Sometimes a craving hits for something creamy and chocolatey and just darn rich. Chocolate Eclair Cake fits the bill. It's a recipe from my past returning now with lighter ingredients.
This is one of those times when I use processed ingredients that include artificial sweeteners. You can replace them with the "real" products if you'd like, but the nutritional amounts will skyrocket. This is not an everyday food but a treat that fits into my light eating plan every once in awhile.
* * Please note: this recipe needs to be made at least 12 hours ahead to allow time to chill. * *
Light Chocolate Eclair Cake
12 low fat graham crackers
2 (1-ounce) boxes sugar free fat free vanilla pudding mix
1 1/4 cups fat free milk
8 ounces frozen fat free nondairy whipped topping, thawed
1 tablespoon butter
1/4 cup semisweet chocolate chips
1/2 cup powdered sugar
1 1/2 tablespoons hot water
Lay four graham crackers on bottom of 8x8" square pan, breaking them up as necessary to cover. In large mixing bowl, whisk pudding mix, milk, and whipped topping until smooth. Spread half over graham crackers in pan. Lay four more graham crackers on pudding mixture in pan. Cover with remaining pudding mixture, then use last four graham crackers on top; set aside.

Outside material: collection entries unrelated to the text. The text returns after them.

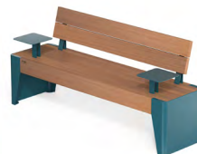
FOLA - S + 2 T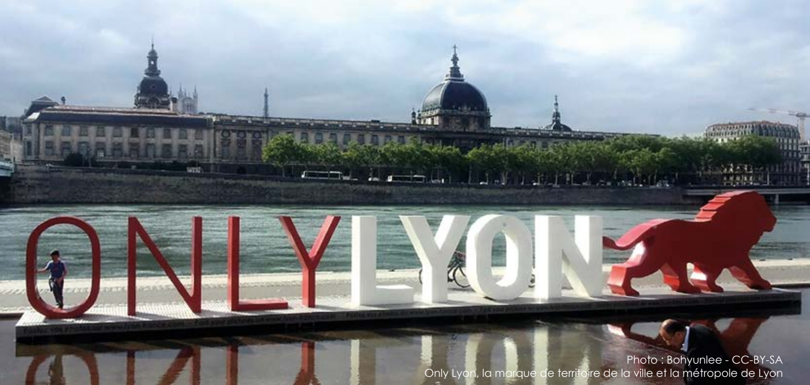
Only Lyon, la marque de territoire de la ville et la métropole de Lyon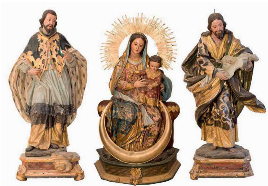
Fig. 13. San Juan Nepomuceno . Virgen de Montenegro . San José con el Niño . Colección particular, Santa Cruz de Tenerife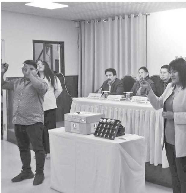
El sorteo para definir el concejal 11 de Quillacollo. H. ANDÍA

Los 11 concejales electos en Quillacollo también recibirán sus credenciales, luego que TED definió ayer, en una figura inédita, a través de un sorteo público con bolillos la asignación del concejal después de que los candidatos de APB-Súmate,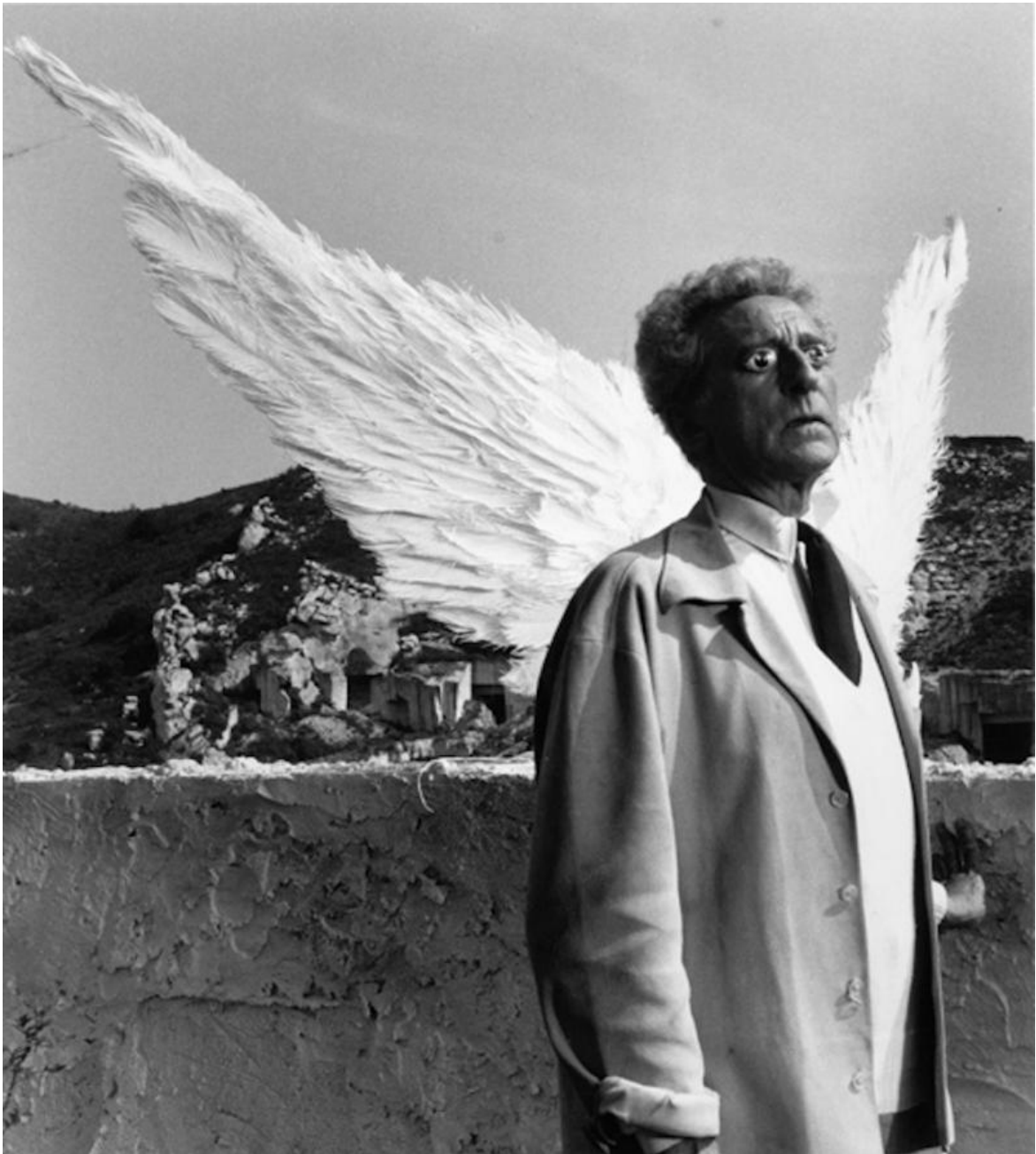
Fotogramma del film Il testamento di Orfeo (1960).

Come raccontare questo artefice cui sta stretta ogni definizione, quella di regista, di autore, pittore, performer, sceneggiatore eccetera, riconoscendosi solo in quel sinonimo appunto della parola artefice che è poeta? Con un libro come la sua opera fatto di pezzi, di focalizzazioni e divagazioni, una piccola enciclopedia Cocteau, che diventa un viaggio per frammenti in un Novecento 'moderno', che sembra portare già verso le sponde composite della postmodernità.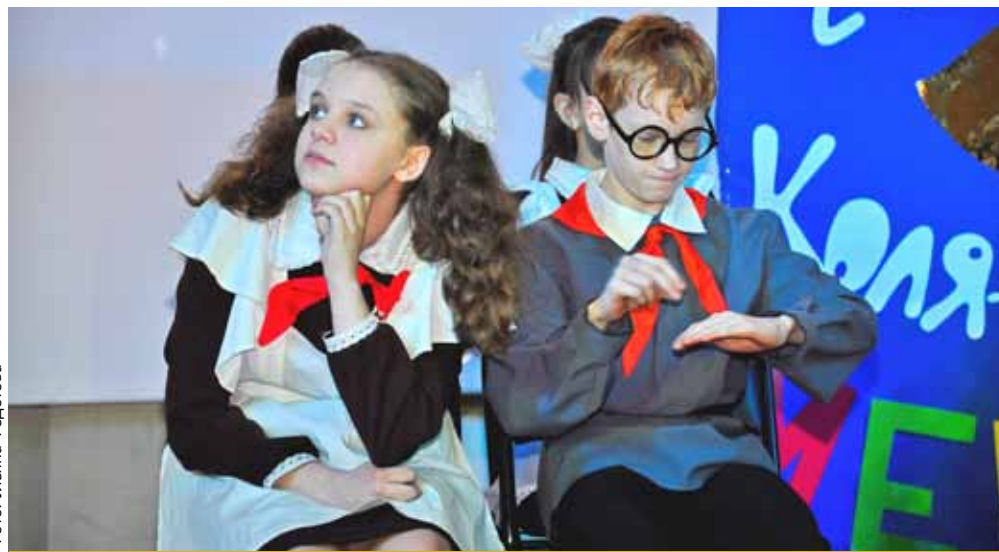
На сцене театральная студия школы 152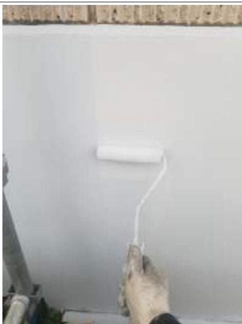
塀 上塗り（2回目）施工中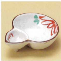
14703-419 春菊瓢型仕切鉢 1,650円 80入 (12.7×11.1×3.6cm)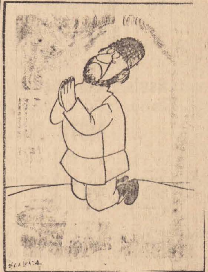
O PREFEITO IMPLORANDO A SÃO PEDRO PARA NÃO CAIR CHUVAS

Dois capiras estavam nas proximidades da Estação Ferroviária, quando um disse para o outro: — Compre, acho que hoje vai chover. Olha o céu está preto. — Que nada comprade, são as Andorinhas. O pior é o «bombardeio» de «granizo» daqui a pouco.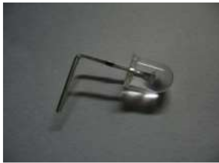
圖 4 LED 燈加工完成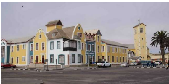
Swakopmund : quartier colonial

Nous avons été stupéfaits de constater que, dans certaines localités se dressent encore d'imposants monuments érigés par les Allemands à la gloire de leurs soldats. À Swakopmund, un de ces monuments trône fièrement au cœur d'un parc pour rendre hommage aux soldats qui ont participé aux guerres menées, entre 1904 et 1908, contre les Héréros et les Namas pour réprimer une révolte des autochtones. Ces guerres se sont soldées par un génocide dont furent victimes entre 25 et 65 000 indigènes massacrés par ces « vaillants soldats ».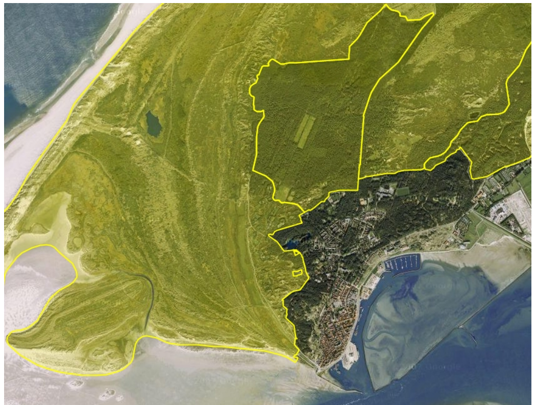
Figuur 5: Begrenzing Natura 2000-gebied Duinen Terschelling (Bron: minlnv.nl , Gebiedendatabase)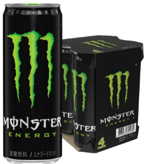
モンスターエナジー 缶355ml×4本マルチパック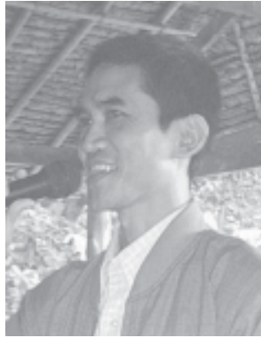
ဗိုလ်မှူးကြီး ဇင်ကျုံး

၁။ အထွေထွေအတွင်းရေးမှူး၊ ဗိုလ်မှူးကြီး ဇင်ကျုံးမှ သုံးသပ်တင်ပြချက်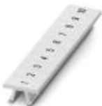
Zackband, Streifen, weiß, beschriftet, längs bedruckt: fortlaufende Zahlen 1 ... 10, 11 ... 20 usw. bis 491 ... 500, Montageart: verrasten in hoher Schildchennut, für Klemmenbreite: 5,2 mm, Schriftfeldgröße: 5,15 x 10,5 mm

Zackband - ZB 5,LGS:FORTL.ZAHLEN - 1050017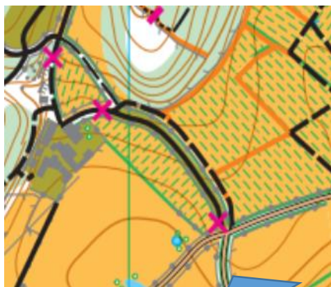
Angle de prise de vue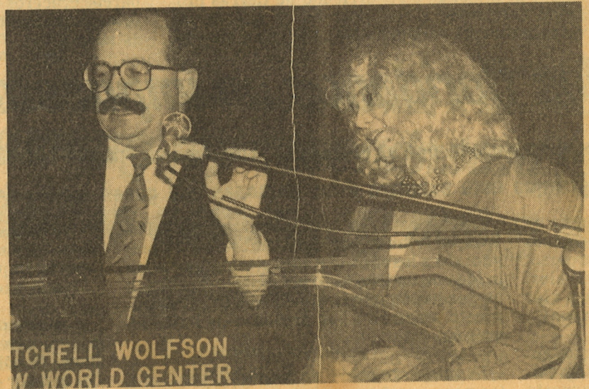
Placa de honor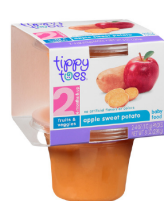
pòm dous pòm detè

In small saucepan over very low heat, melt butter and chocolate chips. Whisk in powdered sugar and hot water until smooth. Add extra water if needed for a pourable consistency. Pour evenly over "cake" and spread to cover. Refrigerate for at least 12 hours to allow graham crackers to soften. Makes 9 servings, 6 points plus and 235 calories each.